◆ WORK ITEM:
Word for word, transcribe the listing that follows, minus any pictures.

◆ DATA PROVIDED:
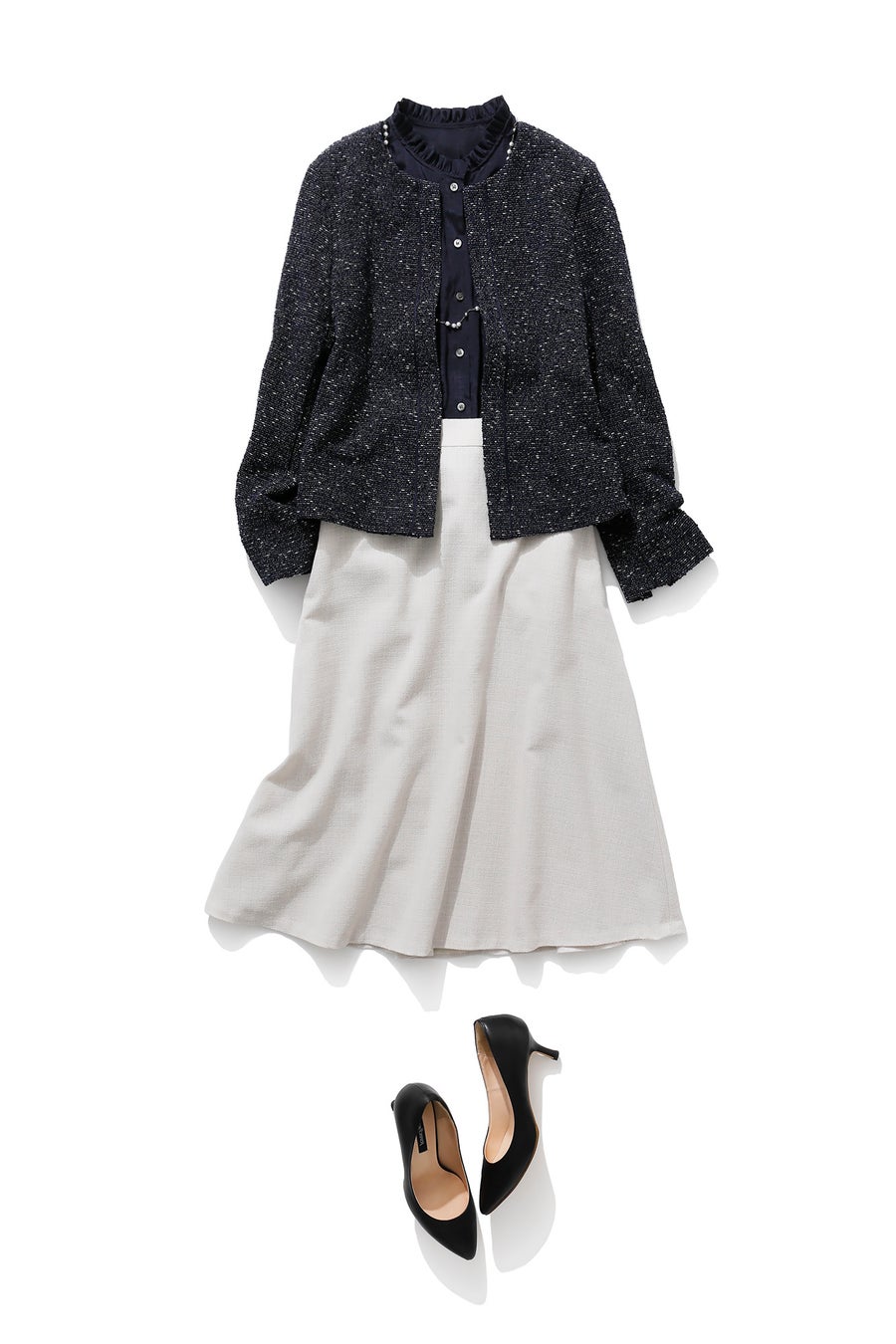 ハレの日には欠かせない、ツィードジャケットとの相性もバッチリ。ドットドビーのフリルブラウスで、
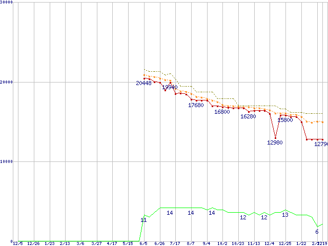| Phenom II X4 905e (2.5GHz,L2 512KB×4,L3 6MB,TDP 65W)の価格推移 |
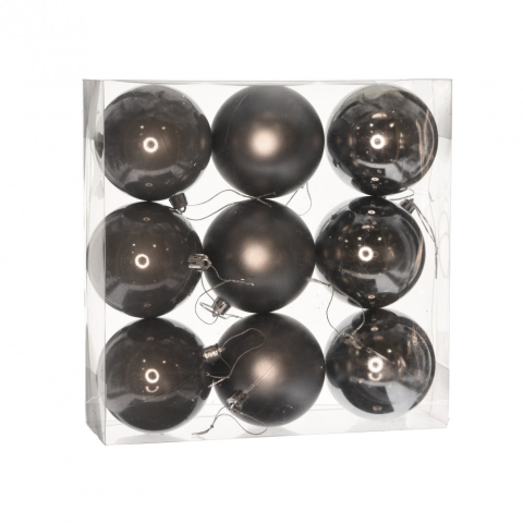 Műanyag gömb dobozban 8 cm Grafit szürke 3 féle Hogy szebbé tegyük a karácsonyt egy szép nagy 3 féle Grafit szürke gömbbel a karácsonyfán. Csomagolási egység : doboz 1 doboz 9 db Gömb átmérő : 8 cm

◆ SOLUTION FOR THIS EXERCISE:
 ハレの日には欠かせない、ツィードジャケットとの相性もバッチリ。ドットドビーのフリルブラウスで、
| Phenom II X4 905e (2.5GHz,L2 512KB×4,L3 6MB,TDP 65W)の価格推移 |
 Műanyag gömb dobozban 8 cm Grafit szürke 3 féle Hogy szebbé tegyük a karácsonyt egy szép nagy 3 féle Grafit szürke gömbbel a karácsonyfán. Csomagolási egység : doboz 1 doboz 9 db Gömb átmérő : 8 cm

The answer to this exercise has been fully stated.